But how could SSPX be led into “undeniable
schism” if it is already supposed to be in such a state?
Father Devillers also cites Father
Murray’s argument that the SSPX bishops are bound to
observe the public effects of the 1988 excommunication
since they did not contest it by way of administrative
recourse, even if the excommunication may be inoperative
in the internal forum due to lack of subjective
culpability. But what does this have to do with the
question of schism on the part of the bishops and the
priests of the SSPX, the latter never having been
declared excommunicated? Schism is a state, not a
penalty like excommunication. That is, schism cannot be
imposed as the punishment for some act. The state of
schism either exists or it does not.
In this regard, Father Devillers
concedes that Cardinal Castillo-Lara admitted to the
press that the episcopal consecrations of 1988 were not
in themselves a schismatic act since the Code of Canon
Law does not treat illicit episcopal consecrations as
per se schismatic. If that is true, then there was no
canonical basis for the declaration of schism because
the motu proprio cites only the 1988 episcopal
consecrations as grounds.
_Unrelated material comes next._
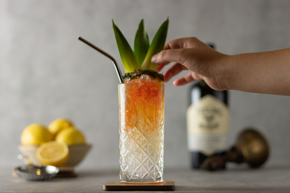 By serving the Teeling Mai Tai in a traditional highball, you can really see the gradient colour change from a burnt-orange to yellow to white. We decided to garnish the cocktail with a wedge of pineapple and three pineapple leaves, which results in quite an impressive visual!

While Father Devillers quotes
Cardinal Castillo-Lara’s later “clarification” that the
1988 consecrations merely “concretized” a preexisting
schism, there is no Vatican pronouncement nor any
evidence, that the SSPX was in schism before 1988. The
Cardinal’s opinion thus appears to be without basis in
law or in fact.
As we can see, Father Devillers’ own
cited authorities only underscore the point that despite
the letter of the motu proprio, there is a
legitimate tendency, even among Vatican prelates, to
view the SSPX as being in a situation that does not
really fit into the existing canonical category of a
true and proper schism.
I conclude by noting Father Devillers’
statement that “I do find some serious confusion in the
way Mr. Ferrara presents the question of the canonical
status of the Society of St. Pius X (SSPX).” In this he
is quite correct. My presentation evinces “some serious
confusion” because it describes a seriously confused
situation. It is a situation without precedent in Church
history, like so many other things in the postconciliar
landscape. My basic point, which Father Devillers does
not address, is that in view of this confusion Father de
Montjoye is hardly in a position to declare what the
Vatican has refrained from declaring: that SSPX priests
and bishops are non-Catholics who do violence to the
Eucharist, and that any Catholic who participates in
their Masses transgresses divine law by partaking in
non-Catholic worship.
The Latin Mass , for which I
write this article, has indicated to me its strong
support for the Priestly Fraternity of St. Peter’s
important work in the cause of Tradition, particularly
its vibrant North American apostolate with a seminary
full of exemplary candidates for the sacred priesthood.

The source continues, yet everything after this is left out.